In the (counter?)revolutionary constitutional order set by genius statesman-lawgiver Charles de Gaulle 1958, the President - directly elected - is semi-omnipotent - far more so (technically) than even a US President.
Curiously, this does NOT make the PM a mere extra.
In theory he certainly should be - & often has been. But precisely because the President is so powerful - specifically: unlike an eg British PM, the Parliament cannot "fire" Presidents, but they (amazingly!) can "fire" (dissolve) Parliament - the PM becomes a separate instrument.
Sometimes that instrument gets hijacked by the Parliamentary majority - as when Presidents Mitterand, then Chirac, had to "cohabitate" with opposition majorities - thus becoming absurdly weakened in the process, as the "enemy" majority & PM then set France's political course.
But VASTLY more interesting - & this is of course why I now bore you with this thread - is when the PM becomes an instrument for the President (& others) to subvert his own parliamentary majority - which ironically happens to be his own party, but has now grown inconvenient!
Macron's Presidency was from the start abnormal.
His first PM also came from the enemy "normie" Conservative Right. However, that PM was a "Juppéiste" - globo centre-right if you will - so the ideological clash w Macron's own party seemed minimal.

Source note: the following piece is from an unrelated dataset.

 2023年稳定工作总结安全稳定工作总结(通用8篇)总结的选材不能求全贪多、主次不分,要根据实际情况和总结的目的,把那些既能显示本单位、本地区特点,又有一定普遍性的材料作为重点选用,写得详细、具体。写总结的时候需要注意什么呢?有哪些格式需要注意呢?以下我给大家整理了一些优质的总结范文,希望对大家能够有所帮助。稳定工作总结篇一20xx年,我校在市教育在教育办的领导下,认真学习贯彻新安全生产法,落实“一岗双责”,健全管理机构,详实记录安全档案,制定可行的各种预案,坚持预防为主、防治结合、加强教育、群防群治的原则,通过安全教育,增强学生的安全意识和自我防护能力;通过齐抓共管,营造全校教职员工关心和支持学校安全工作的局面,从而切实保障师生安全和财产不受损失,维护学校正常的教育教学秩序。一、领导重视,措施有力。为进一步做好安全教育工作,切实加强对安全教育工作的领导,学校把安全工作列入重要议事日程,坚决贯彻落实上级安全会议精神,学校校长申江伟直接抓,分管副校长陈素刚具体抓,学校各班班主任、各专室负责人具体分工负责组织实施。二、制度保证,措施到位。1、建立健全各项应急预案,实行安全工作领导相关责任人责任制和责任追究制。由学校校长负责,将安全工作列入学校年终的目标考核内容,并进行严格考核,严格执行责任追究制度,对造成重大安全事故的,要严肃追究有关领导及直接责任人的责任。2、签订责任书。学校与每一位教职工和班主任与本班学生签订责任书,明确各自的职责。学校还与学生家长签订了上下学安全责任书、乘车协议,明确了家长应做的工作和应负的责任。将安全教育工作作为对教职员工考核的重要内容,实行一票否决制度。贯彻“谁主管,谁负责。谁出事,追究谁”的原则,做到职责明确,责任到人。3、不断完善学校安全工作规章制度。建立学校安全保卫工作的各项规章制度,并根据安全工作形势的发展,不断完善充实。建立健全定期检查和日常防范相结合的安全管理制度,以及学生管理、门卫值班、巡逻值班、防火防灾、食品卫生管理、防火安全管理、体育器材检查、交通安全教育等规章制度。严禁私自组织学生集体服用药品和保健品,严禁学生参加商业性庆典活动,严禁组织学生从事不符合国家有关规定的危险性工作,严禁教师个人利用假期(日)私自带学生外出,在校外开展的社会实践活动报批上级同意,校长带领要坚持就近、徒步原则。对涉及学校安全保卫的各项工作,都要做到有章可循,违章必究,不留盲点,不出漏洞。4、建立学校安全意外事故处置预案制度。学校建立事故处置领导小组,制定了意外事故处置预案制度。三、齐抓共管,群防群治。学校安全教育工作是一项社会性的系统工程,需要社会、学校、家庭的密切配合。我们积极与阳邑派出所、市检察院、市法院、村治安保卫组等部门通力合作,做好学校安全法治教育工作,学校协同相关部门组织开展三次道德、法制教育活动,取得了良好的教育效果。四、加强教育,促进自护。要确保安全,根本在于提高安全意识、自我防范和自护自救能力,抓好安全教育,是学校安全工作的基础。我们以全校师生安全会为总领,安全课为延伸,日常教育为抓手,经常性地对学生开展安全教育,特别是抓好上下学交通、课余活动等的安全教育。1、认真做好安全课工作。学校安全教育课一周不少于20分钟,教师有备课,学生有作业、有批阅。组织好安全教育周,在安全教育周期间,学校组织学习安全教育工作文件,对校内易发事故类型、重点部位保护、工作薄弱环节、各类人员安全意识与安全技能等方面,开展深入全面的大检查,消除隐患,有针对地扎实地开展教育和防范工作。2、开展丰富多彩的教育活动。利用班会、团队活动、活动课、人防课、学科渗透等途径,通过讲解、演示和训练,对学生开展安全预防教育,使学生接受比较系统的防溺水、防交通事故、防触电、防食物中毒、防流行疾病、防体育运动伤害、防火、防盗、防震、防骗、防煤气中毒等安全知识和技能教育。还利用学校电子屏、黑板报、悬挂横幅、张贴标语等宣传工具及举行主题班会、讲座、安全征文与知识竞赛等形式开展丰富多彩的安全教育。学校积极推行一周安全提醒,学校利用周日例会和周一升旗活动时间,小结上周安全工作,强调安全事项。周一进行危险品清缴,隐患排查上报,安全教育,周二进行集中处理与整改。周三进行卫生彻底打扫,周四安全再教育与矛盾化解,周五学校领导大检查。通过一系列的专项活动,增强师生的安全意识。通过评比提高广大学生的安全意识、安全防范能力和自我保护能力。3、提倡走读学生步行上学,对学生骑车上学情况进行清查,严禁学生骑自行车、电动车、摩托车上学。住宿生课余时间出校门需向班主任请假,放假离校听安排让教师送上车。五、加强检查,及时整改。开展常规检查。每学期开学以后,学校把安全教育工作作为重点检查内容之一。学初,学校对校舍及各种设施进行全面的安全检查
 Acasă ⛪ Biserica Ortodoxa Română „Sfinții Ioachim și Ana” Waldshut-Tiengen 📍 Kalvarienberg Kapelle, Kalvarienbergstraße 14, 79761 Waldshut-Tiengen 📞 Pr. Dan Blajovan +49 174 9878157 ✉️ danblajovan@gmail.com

Still, it was already bizarre.
It was bizarre, because - to be 100 % honest - it barely seemed necessary, & also because several key ministers in that govt already - notably the (Ă­n France) all-important Education minister (remember how politics is downstream from culture?) - were even further hardliners.
But back to Castex.
Castex is no "Juppéiste". He's a "Sarkozyste".
A soft-identitarian "social Gaullist" like former President Sarkozy, especially in his final 2 Presidency years.

That's night & day.
(Not fully comparable, but think Lindsay Graham vs Matt Gaetz.)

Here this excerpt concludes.